UAT: LockService not integrated into PlanLifecycleService or SubplanService — lock enforcement missing during plan transitions #3995

Open
opened 2026-04-06 08:22:51 +00:00 by freemo · 0 comments
Owner

Metadata

  • Branch: fix/lock-service-plan-lifecycle-integration
  • Commit Message: fix(concurrency): wire LockService into PlanLifecycleService transitions
  • Milestone: (none — see backlog note below)
  • Parent Epic: #362

Bug Description

The LockService exists and is fully implemented (src/cleveragents/application/services/lock_service.py) but is not wired into PlanLifecycleService or SubplanService. This means plan-level and project-level advisory locks are never acquired or released during plan lifecycle transitions, defeating the purpose of the lock system.

Expected Behavior (from spec and issue #327)

Per docs/reference/concurrency.md (Integration Points section):

PlanLifecycleService: Transitions acquire a plan-level lock before mutating phase/state and release it after persistence.

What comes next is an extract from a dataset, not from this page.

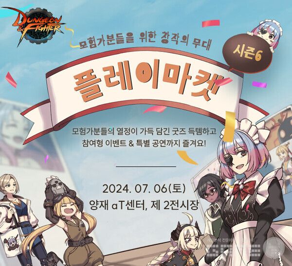 넥슨이 인기 온라인 액션게임 ‘던전앤파이터(이하 던파)’의 대표 2차 창작 행사인 ‘플레이마켓’ 시즌6를 7월 6일 서울 양재 aT센터 제2전시장에서 개최한다.

Per issue #327 acceptance criteria:

Ensure locks are enforced in PlanLifecycleService transitions and SubplanService scheduling.

The LockService should be:

  1. Injected into PlanLifecycleService.__init__() as a dependency
  2. Called with acquire() before any plan state transition (strategize, execute, apply, cancel, etc.)
  3. Called with release() after the transition completes (or on error)
  4. Called with renew() during long-running phases
  5. Called with release_all_for_owner() on graceful shutdown

Actual Behavior

Searching the entire codebase for LockService usage:

  • src/cleveragents/application/services/lock_service.py — the implementation itself
  • src/cleveragents/cli/commands/system.py — only used for count_stale_locks() in the agents diagnostics health check

PlanLifecycleService (src/cleveragents/application/services/plan_lifecycle_service.py) has zero references to LockService, lock_service, acquire, or release (in the lock context).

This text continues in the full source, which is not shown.